Directions → All that should come back is the lines of the data below from the one containing "The third day" to the one containing "Biografi : Perjalanan", inclusive, exactly as they stand.

Excerpted data →

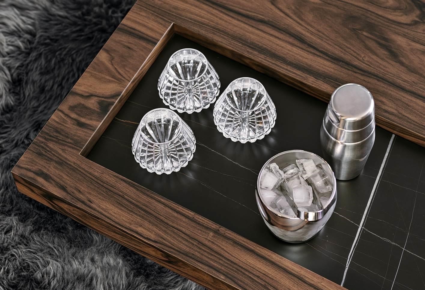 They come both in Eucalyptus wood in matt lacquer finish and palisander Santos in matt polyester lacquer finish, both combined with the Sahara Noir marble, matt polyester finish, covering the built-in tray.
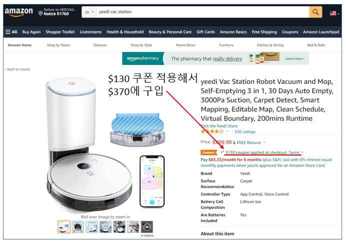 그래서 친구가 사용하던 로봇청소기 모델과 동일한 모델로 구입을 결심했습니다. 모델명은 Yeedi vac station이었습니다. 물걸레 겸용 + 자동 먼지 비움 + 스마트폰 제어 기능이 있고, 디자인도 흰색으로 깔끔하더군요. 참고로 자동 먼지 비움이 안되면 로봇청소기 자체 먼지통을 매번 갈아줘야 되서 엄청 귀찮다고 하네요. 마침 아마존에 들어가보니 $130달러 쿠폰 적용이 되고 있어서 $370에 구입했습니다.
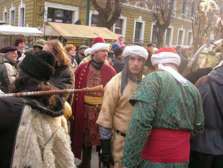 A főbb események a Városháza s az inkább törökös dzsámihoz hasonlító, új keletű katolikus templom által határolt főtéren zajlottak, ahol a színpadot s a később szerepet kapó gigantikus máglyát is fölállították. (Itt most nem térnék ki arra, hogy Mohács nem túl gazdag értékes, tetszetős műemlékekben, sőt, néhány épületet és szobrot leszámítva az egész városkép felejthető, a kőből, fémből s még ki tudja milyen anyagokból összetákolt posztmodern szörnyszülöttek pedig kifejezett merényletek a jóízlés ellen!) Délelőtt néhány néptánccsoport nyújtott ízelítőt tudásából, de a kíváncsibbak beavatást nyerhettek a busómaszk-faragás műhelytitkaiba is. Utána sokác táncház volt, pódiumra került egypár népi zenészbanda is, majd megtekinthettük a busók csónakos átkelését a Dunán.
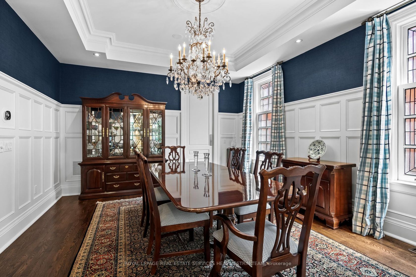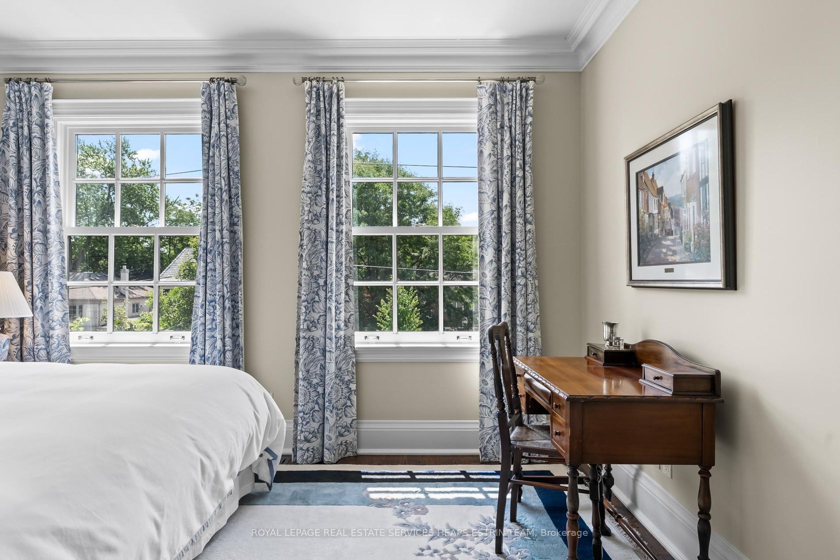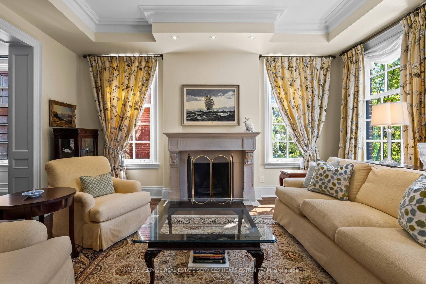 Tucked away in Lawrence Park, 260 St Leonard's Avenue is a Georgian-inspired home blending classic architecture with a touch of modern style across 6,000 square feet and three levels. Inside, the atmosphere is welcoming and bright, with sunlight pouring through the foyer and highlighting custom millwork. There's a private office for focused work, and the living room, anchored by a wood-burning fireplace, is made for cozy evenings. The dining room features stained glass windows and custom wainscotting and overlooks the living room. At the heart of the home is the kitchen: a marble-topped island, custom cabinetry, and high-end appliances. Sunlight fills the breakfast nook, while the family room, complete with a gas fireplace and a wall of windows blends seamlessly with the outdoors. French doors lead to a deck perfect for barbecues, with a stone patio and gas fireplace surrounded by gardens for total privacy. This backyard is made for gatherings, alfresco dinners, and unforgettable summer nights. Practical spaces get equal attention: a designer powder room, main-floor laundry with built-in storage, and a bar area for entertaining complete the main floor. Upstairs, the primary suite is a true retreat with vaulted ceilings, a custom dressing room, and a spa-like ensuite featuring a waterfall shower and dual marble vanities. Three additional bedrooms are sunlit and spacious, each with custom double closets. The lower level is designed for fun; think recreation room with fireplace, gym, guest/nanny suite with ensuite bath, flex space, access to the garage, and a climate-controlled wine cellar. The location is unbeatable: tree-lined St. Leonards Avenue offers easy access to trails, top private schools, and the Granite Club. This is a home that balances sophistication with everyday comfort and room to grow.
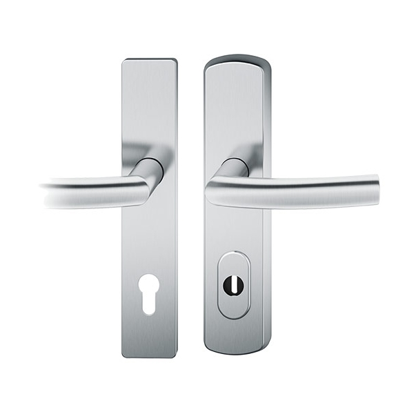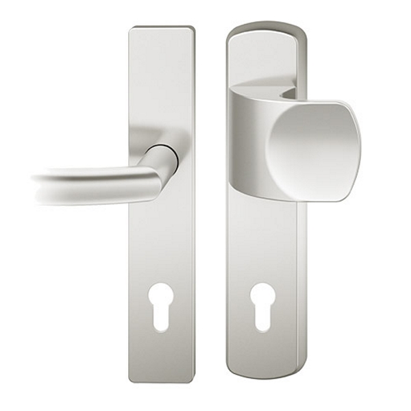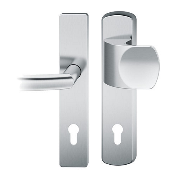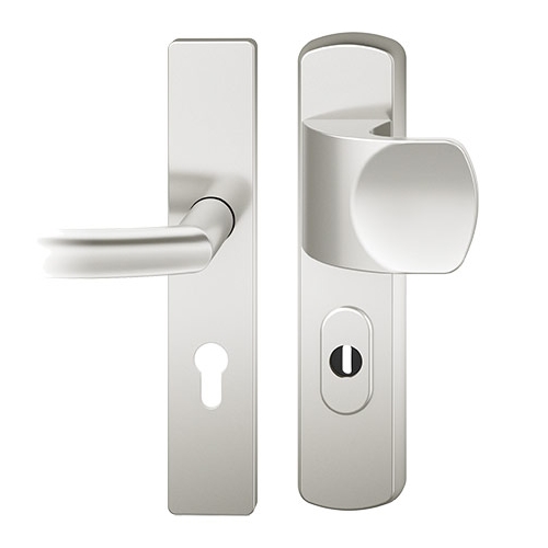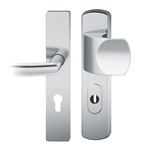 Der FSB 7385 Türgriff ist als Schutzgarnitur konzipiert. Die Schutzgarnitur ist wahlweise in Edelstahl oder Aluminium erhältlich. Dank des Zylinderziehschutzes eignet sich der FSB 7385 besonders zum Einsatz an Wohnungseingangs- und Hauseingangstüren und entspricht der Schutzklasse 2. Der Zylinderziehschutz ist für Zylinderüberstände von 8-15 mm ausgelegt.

---

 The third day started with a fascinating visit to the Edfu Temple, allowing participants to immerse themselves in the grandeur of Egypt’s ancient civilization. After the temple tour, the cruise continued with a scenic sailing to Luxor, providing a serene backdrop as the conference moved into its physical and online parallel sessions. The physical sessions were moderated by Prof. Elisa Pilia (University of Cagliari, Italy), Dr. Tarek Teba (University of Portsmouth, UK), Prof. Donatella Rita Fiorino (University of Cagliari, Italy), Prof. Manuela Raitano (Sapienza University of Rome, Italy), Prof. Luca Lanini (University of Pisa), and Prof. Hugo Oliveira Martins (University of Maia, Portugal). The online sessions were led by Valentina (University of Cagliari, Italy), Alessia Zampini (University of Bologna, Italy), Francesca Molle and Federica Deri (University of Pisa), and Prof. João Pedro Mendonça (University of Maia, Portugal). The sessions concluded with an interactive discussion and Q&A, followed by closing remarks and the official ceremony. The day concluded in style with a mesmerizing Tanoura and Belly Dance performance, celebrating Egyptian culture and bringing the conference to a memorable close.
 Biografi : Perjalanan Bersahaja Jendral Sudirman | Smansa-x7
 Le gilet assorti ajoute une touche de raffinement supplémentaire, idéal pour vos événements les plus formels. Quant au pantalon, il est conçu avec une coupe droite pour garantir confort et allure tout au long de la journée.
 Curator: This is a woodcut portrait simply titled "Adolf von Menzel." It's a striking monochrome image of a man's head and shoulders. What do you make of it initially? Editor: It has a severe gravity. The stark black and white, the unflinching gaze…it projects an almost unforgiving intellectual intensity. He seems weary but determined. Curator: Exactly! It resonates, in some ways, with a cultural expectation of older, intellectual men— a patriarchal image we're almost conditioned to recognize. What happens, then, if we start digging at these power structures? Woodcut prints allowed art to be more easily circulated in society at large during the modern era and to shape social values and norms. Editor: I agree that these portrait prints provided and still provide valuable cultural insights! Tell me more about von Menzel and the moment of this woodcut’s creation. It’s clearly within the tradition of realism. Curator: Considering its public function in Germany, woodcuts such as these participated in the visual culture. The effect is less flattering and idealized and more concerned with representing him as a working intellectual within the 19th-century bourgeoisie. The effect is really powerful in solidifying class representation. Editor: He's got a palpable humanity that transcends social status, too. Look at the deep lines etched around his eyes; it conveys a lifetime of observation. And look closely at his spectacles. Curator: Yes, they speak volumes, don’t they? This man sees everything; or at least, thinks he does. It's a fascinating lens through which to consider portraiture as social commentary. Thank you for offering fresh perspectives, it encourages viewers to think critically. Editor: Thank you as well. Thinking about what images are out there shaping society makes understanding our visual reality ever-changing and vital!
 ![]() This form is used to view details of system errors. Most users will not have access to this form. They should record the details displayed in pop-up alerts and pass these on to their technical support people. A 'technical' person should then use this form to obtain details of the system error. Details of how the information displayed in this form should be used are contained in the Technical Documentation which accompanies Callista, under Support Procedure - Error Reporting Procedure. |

Output below →
 The third day started with a fascinating visit to the Edfu Temple, allowing participants to immerse themselves in the grandeur of Egypt’s ancient civilization. After the temple tour, the cruise continued with a scenic sailing to Luxor, providing a serene backdrop as the conference moved into its physical and online parallel sessions. The physical sessions were moderated by Prof. Elisa Pilia (University of Cagliari, Italy), Dr. Tarek Teba (University of Portsmouth, UK), Prof. Donatella Rita Fiorino (University of Cagliari, Italy), Prof. Manuela Raitano (Sapienza University of Rome, Italy), Prof. Luca Lanini (University of Pisa), and Prof. Hugo Oliveira Martins (University of Maia, Portugal). The online sessions were led by Valentina (University of Cagliari, Italy), Alessia Zampini (University of Bologna, Italy), Francesca Molle and Federica Deri (University of Pisa), and Prof. João Pedro Mendonça (University of Maia, Portugal). The sessions concluded with an interactive discussion and Q&A, followed by closing remarks and the official ceremony. The day concluded in style with a mesmerizing Tanoura and Belly Dance performance, celebrating Egyptian culture and bringing the conference to a memorable close.
 Biografi : Perjalanan Bersahaja Jendral Sudirman | Smansa-x7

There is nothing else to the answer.